Вечером того дня в письме Лауре он писал: «Сегодня мы ходили в Хайгет, Тусси была там уже утром, посадила на могиле Мавра и Вашей мамы крокусы, примулы, гиацинты… Очень красиво. Если бы Мавр видел это!»
«Если бы видел!» – по смыслу письма эти слова относились к цветам на могиле, но думал при этом Энгельс не только о цветах. Он думал о всех радостных, многообещающих событиях последнего времени, в которых незримо присутствовал вклад и Маркса, он думал и о предстоящем празднике…
С того дня эти слова, как неизменный и все усиливающийся горький музыкальный мотив, постоянно звучали в его душе: «Если бы он видел это!» Вот и третьего дня, Первого мая, заканчивая предисловие к новому изданию «Манифеста» уверенными словами о том, что «зрелище сегодняшнего дня» своим размахом и сплоченностью будет поучительным и для угнетателей, и для угнетенных, Энгельс в последней фразе с той же болью воскликнул: «О, если бы Маркс был теперь рядом со мной, чтобы видеть это собственными глазами!»

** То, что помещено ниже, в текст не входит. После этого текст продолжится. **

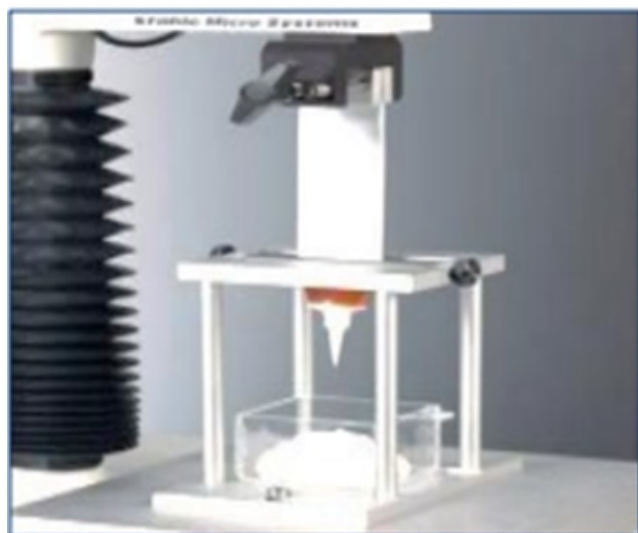
Figure 7: Extrudability test

И сейчас, с восхищением и гордостью глядя на то, как шумит, смеется, рукоплещет, как безмолвствует, слушает, размышляет рабочий Гайд-парк, Энгельс про себя повторяет: «Если бы он был рядом! Если бы он видел это!»
Вечером Энгельс устроил праздничный банкет. Собралось человек двадцать пять, большинство тех, кто находился сегодня на трибунах. Дух сегодняшнего Гайд-парка переместился сейчас сюда, в этот светлый дом, где уже двадцать лет живет Энгельс, где каждая вещь хранит память о Марксе. В прихожей, гостиной, в кабинете – возбужденный, радостный, разноязыкий говор. Звучит речь немецкая и английская, французская и польская, русская и итальянская… В просторной столовой накрыт огромный стол.
У каждого прибора – букетик цветов и карточка с обозначением имени гостя. Они на разных языках, каждый находит карточку на своем родном языке.
После демонстрации и митинга, после стольких часов, проведенных на свежем воздухе, все проголодались, и потому никого не пришлось приглашать к столу дважды. Энгельс был во главе стола; на противоположном конце, чтобы все видеть и всем руководить, обосновалась заботливая Елена, которая после смерти Маркса живет здесь в привычной роли домоправительницы. Она зорко следила, чтобы ни тарелки, ни бокалы не пустовали. Специально приготовленный ею к этому дню Maitrunk – «Майский напиток» – был восхитителен.
– Уж теперь-то вы скажете несколько слов, Генерал? – громко, чтобы в случае чего получить поддержку всех присутствующих, спросил Лафарг.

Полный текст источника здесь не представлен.